(What you should do) Everything in the entries below must be reproduced exactly, except the images.

● ● ●

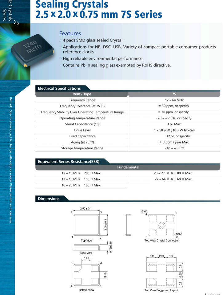 TXC|7S-18.432MAHE-T|18.432MHz|2520|-40~85℃|30PPM,臺灣進口石英晶振,SMD玻璃密封晶體2.5 x 2.0 x 0.75 mm 7S系列。4墊SMD玻璃密封晶體。適用于NB、DSC、USB、各種緊湊型便攜式消費品參考時鐘。高可靠的環(huán)境性能。在被RoHS指令豁免的密封玻璃中含有鉛。
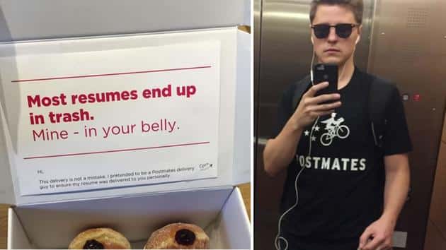 Lukas Yla, a 25-year-old Lithuanian marketing professional looking for work in San Francisco, said he’s already made 40 of the donut-resume deliveries to recruiters at area marketing agencies and tech firms by posing as a Postmates delivery person. On the outside, the packages look like a box of fancy donuts, which as you can imagine, is easily enough to get someone’s attention. On the inside, the recipient will find not just a few of the sugary dough rings, but Yla’s resume front and center. Genius, right?
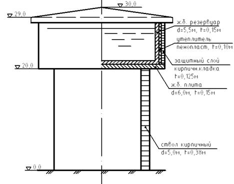 Рис. 5. Расчетная схема безшатровой кирпичной водонапорной башни.
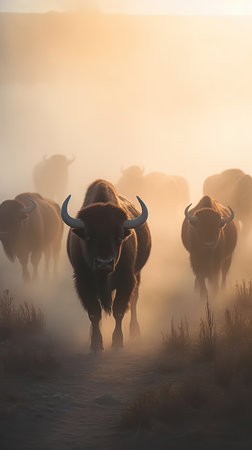 A stunning image of a herd of bison charging through a foggy landscape, showcasing their strength and majesty in a captivating natural setting.
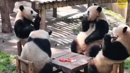 Панды сидят за столом, как бизнесмены – кадры дикой природы
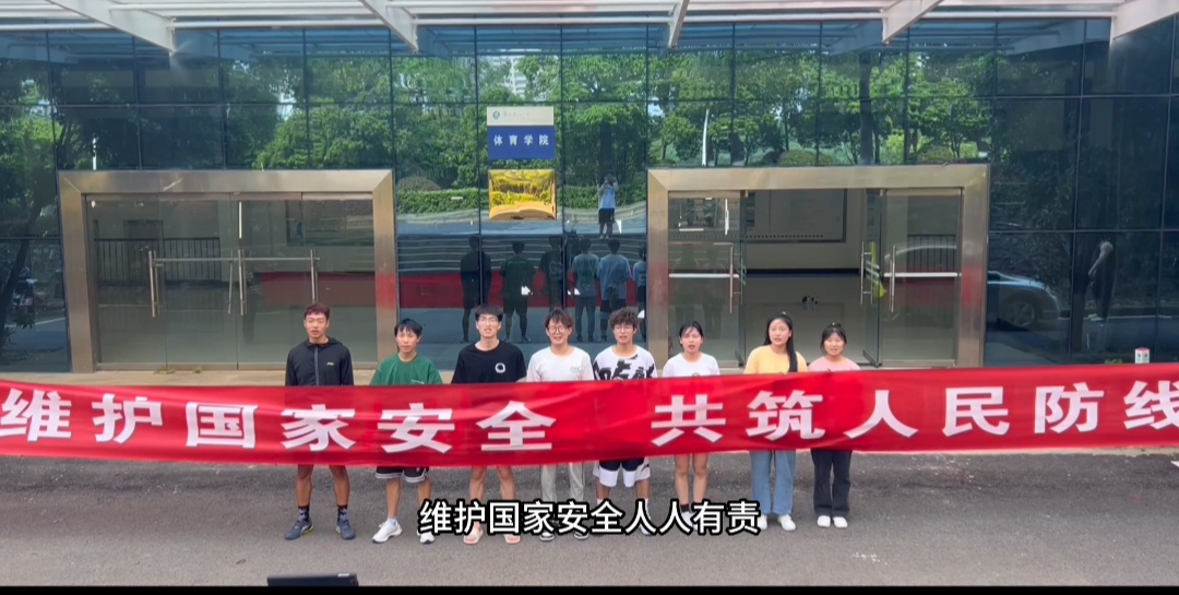 活动最后,来自2022体育学的王嵛同学发言铿锵有力,强调国家安全与每个人息息相关。全体参与同学共同发出倡议,在横幅前拍照留念,倡导维护国家安全,共筑人民防线。

● ● ●

(Reply to the exercise)
 TXC|7S-18.432MAHE-T|18.432MHz|2520|-40~85℃|30PPM,臺灣進口石英晶振,SMD玻璃密封晶體2.5 x 2.0 x 0.75 mm 7S系列。4墊SMD玻璃密封晶體。適用于NB、DSC、USB、各種緊湊型便攜式消費品參考時鐘。高可靠的環(huán)境性能。在被RoHS指令豁免的密封玻璃中含有鉛。
 Lukas Yla, a 25-year-old Lithuanian marketing professional looking for work in San Francisco, said he’s already made 40 of the donut-resume deliveries to recruiters at area marketing agencies and tech firms by posing as a Postmates delivery person. On the outside, the packages look like a box of fancy donuts, which as you can imagine, is easily enough to get someone’s attention. On the inside, the recipient will find not just a few of the sugary dough rings, but Yla’s resume front and center. Genius, right?
 Рис. 5. Расчетная схема безшатровой кирпичной водонапорной башни.
 A stunning image of a herd of bison charging through a foggy landscape, showcasing their strength and majesty in a captivating natural setting.
 Панды сидят за столом, как бизнесмены – кадры дикой природы
 活动最后,来自2022体育学的王嵛同学发言铿锵有力,强调国家安全与每个人息息相关。全体参与同学共同发出倡议,在横幅前拍照留念,倡导维护国家安全,共筑人民防线。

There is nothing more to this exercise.